# Have you ever had a crush on villagers?



## Puffy (Aug 5, 2013)

Well, have you?
I have a crush on Bruce the deer, Erik the deer, Freya the wolf  , Punchy the cat, Fang the Wolf, Whitney the Wolf and Diana the deer.
psst i'm a girl btw


----------



## Niya (Aug 5, 2013)

Ooh interesting thread! I've had a crush on Wolfgang a while back in WW. Right now my heart belongs to Vladimir <3 and I have a lady crush on Whitney xD


----------



## beebs (Aug 5, 2013)

In my first town (I restarted it once.) I got Phil, and he looked like a peacock. I talked about him all the time to the point my bf said, "You have a b***r for that dude." We joke that way all the time. So it became a reoccurring joke between us. I've seen enough of Phil now though. I want to see new faces. XD


----------



## Corduroy (Aug 6, 2013)

i currently have a crush on Olaf XD
fang is very handsome as well, if i do same so myself..


----------



## Liseli (Aug 6, 2013)

Wolfgang. I send him tons of love letters and he called all of it funny ; v ;. WHY YOU DO THIS TO MAH HEART ;;.
And also, Gladys and I are like... Friendsbians. We love each other too much XD.


----------



## Corduroy (Aug 6, 2013)

Liseli said:


> Wolfgang. I send him tons of love letters



i do this too x3
when Annabelle moved into my town the first letter i sent to her was a threat letter regarding the fact that she could possibly start crushin on my man. 

*i have no life*


----------



## Lunarbug (Aug 6, 2013)

Puffy said:


> Well, have you?
> I have a crush on Bruce the deer, Erik the deer, Freya the wolf  , Punchy the cat, Fang the Wolf, Whitney the Wolf and Diana the deer.
> psst i'm a girl btw



Yeah, I had a crush on Freya when she was in my village in Wild World.  Same thing with Cherry in my current game... though she moved out a few weeks ago.


----------



## Gizmodo (Aug 6, 2013)

Erm... No :L


----------



## kittenrobotarmy (Aug 6, 2013)

Kippla, do you take Lobo to be your lawfully wedded husband.
I do.
Lobo, do you take Kippla to be your lawfully wedded wife?
Ah rooooo!
You may now kiss the bride.

Question answered.


----------



## Scribbler397 (Aug 6, 2013)

In City Folk, I had a crush on Moe.
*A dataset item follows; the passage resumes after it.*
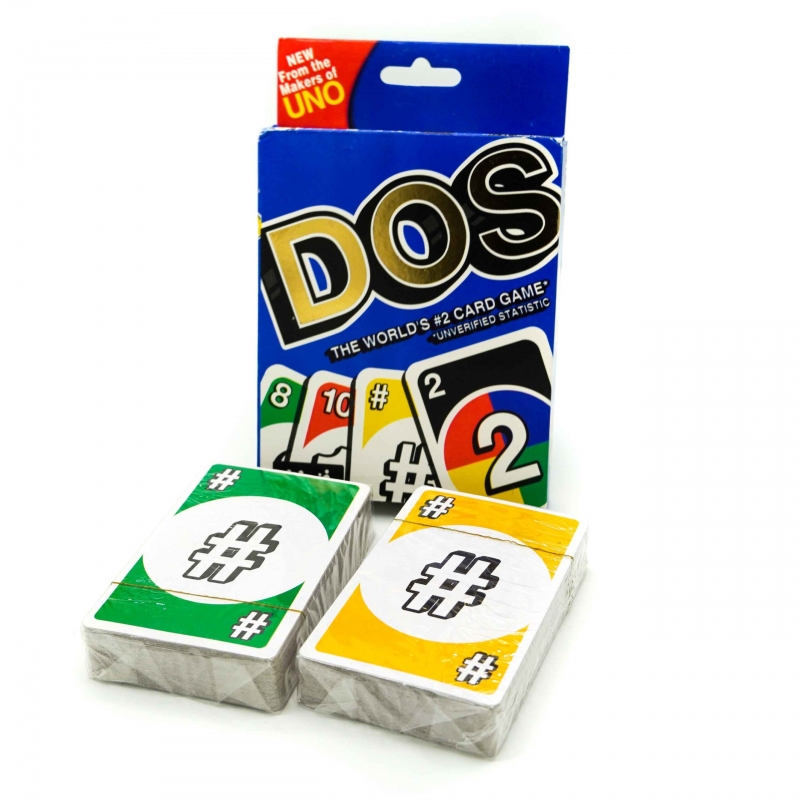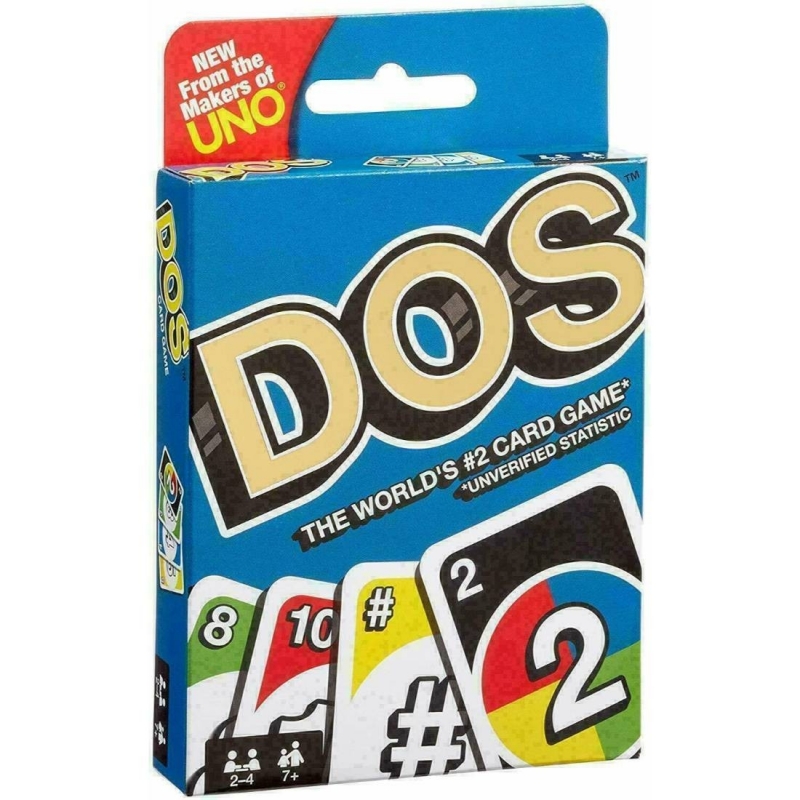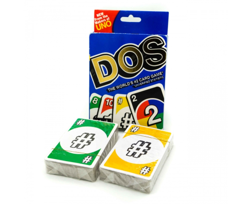 UNO turi naują geriausią draugą DOS! Šiame žaidime, skirtingai nei įprastame UNO, du yra svarbiau nei vienas, o skaičiai yra karaliai! Juos galima sumuoti, kombinuoti, o vieno ėjimo metu galima dėti net kelias kortas. Kaip ir įprastame UNO, žaidėjai siekia kuo greičiau atsikratyti visų rankoje turimų kortų, tačiau kai jos dvi lieka rankoje - nepamiršk sušukti DOS (reiškia du)! Kitaip laukia bauda. Žaidėjas gauna taškus už kitų žaidėjų korteles, o tas, kuris pirmas surenka 200 taškų - laimi žaidimą.

I want him back in New Leaf!


----------



## Lurrdoc (Aug 6, 2013)

Yes.


----------



## Corduroy (Aug 6, 2013)

oh no
coco just moved in.
sorry olaf, you can hook up with some other anteater or somethin..

i'll be over here
writing a few hundred more love letters to coco


----------



## Lauraa (Aug 7, 2013)

I have a HUGE crush on Bruce and I had a crush on Chief in WW


----------



## Shiny Star (Aug 7, 2013)

Nope, not a crush as such but I did really like Apollo and Teddy back in the days.


----------



## PoppyAndPeanut (Aug 7, 2013)

I've had a crush on peanut since WW.


----------



## Kaiaa (Aug 7, 2013)

Can't say that I've ever had a crush on a villager or any animal for that matter but I do really like Mott since he has cute glasses.


----------



## peachsoda (Aug 7, 2013)

I think I had a crush on Murphy when I was 11/12 (nearly 7/8 years ago!) playing Animal Crossing on Gamecube. He was my best friend :'( Memories!


----------



## Divergent (Aug 9, 2013)

Lmao no. How even? Haha


----------



## beffa (Aug 9, 2013)

oh my god i thought i was the only one

i really really like kid cat. i count him as my new leaf boyfriend to my character, hehe. he always comes round my house randomly and he's the cutest. i wouldn't say a crush exactly... maybe just a video game crush or something. hehe c:


----------



## Midgetsc (Aug 9, 2013)

I used to have a crush on Wolfgang in WW and CF, but in New Leaf, they've watered down their personalities so much that I'm gonna have to _really_ dig deep to find someone I like.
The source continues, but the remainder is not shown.